Stored data entries:
== Segment start ==
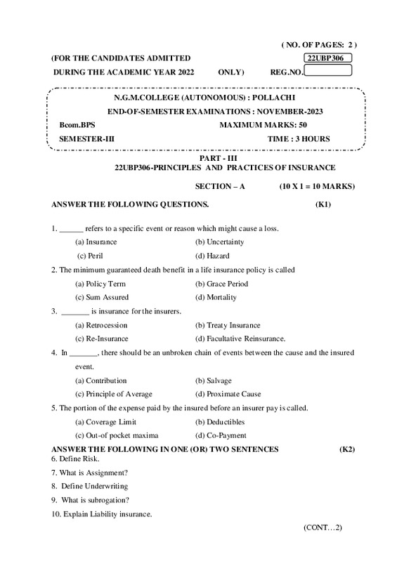 File #2160: "22UBP306-PRINCIPLES AND PRACTICES OF INSURANCE.pdf"
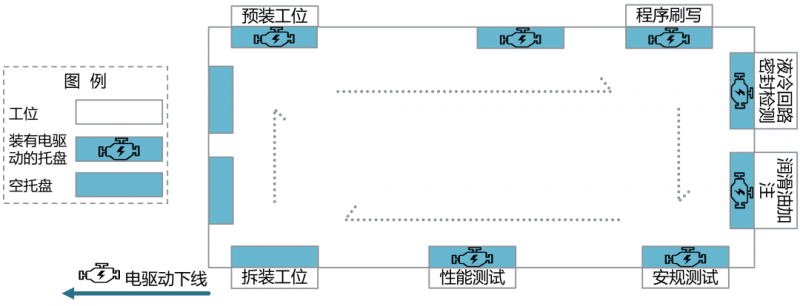 區別于原先的單工位測試,回轉式自動測試在現有下線測試形式中速度最快、效率最高,可使裝載有電驅動的托盤在線體上連續運行,并與各測試工位自動對接測試,輕松應對多達數十項的測試項目,實現電驅動的連續下線。
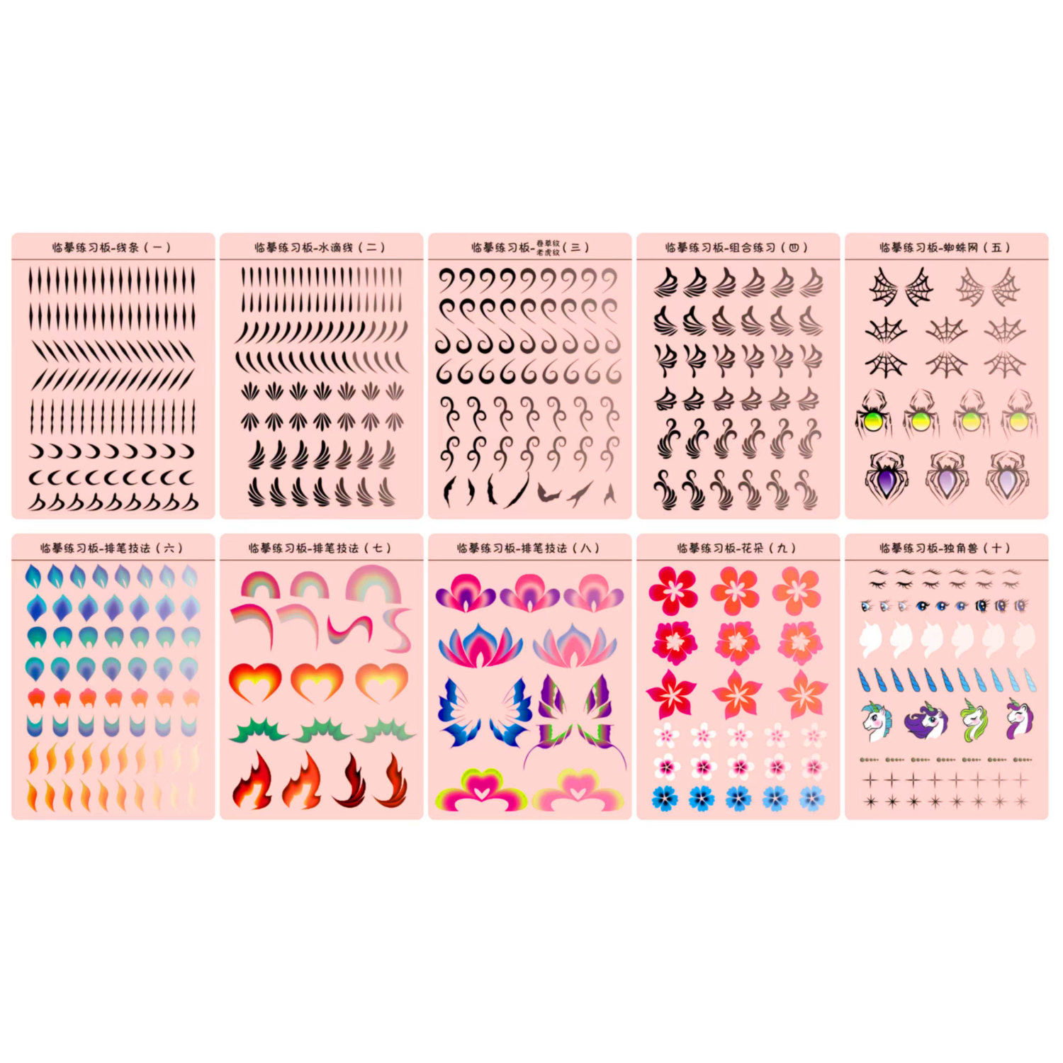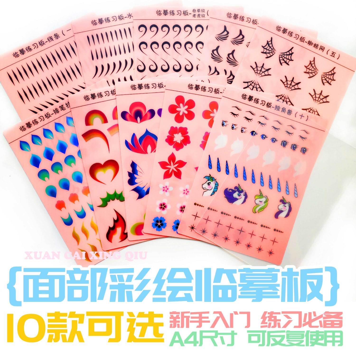 临摹练习板儿童面部彩绘线条水滴蝴蝶线排笔花朵蜘蛛练习送透明板
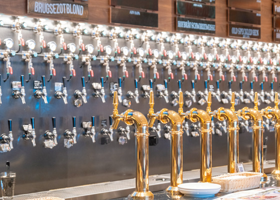 壁一面にビアタップが並ぶカウンター
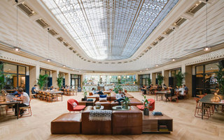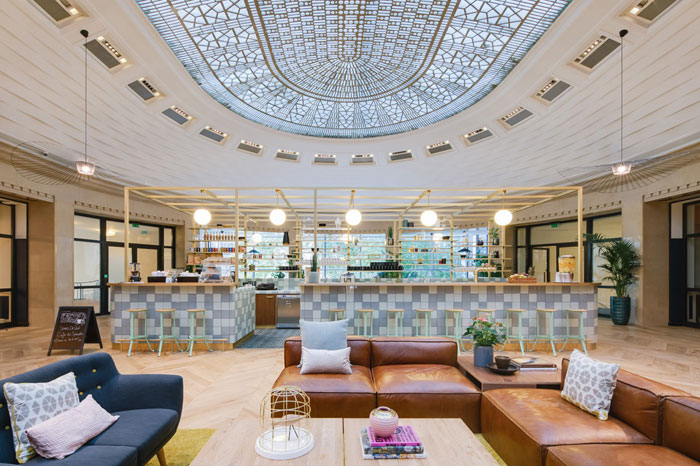 就在几日前,WeWork 在法国的第一个联合办公空间终于揭开神秘面纱,它位于巴黎 La Fayette 的一栋始建于 1920 年的老建筑内,距离第九区的圣拉扎尔车站仅隔着一个街区。敞亮又华丽的玻璃穹顶,丰富的金属饰面,彰显出强烈的装饰主义风格,非常吸引眼球。
== Segment end ==
Exercise directions ▸
Leave the pictures out. Extract exactly the lines running from the one with "區別于原先的單工位測試,回轉" through the last entry, both ends included.

Completed task ▸
 區別于原先的單工位測試,回轉式自動測試在現有下線測試形式中速度最快、效率最高,可使裝載有電驅動的托盤在線體上連續運行,并與各測試工位自動對接測試,輕松應對多達數十項的測試項目,實現電驅動的連續下線。
 临摹练习板儿童面部彩绘线条水滴蝴蝶线排笔花朵蜘蛛练习送透明板
 壁一面にビアタップが並ぶカウンター
 就在几日前,WeWork 在法国的第一个联合办公空间终于揭开神秘面纱,它位于巴黎 La Fayette 的一栋始建于 1920 年的老建筑内,距离第九区的圣拉扎尔车站仅隔着一个街区。敞亮又华丽的玻璃穹顶,丰富的金属饰面,彰显出强烈的装饰主义风格,非常吸引眼球。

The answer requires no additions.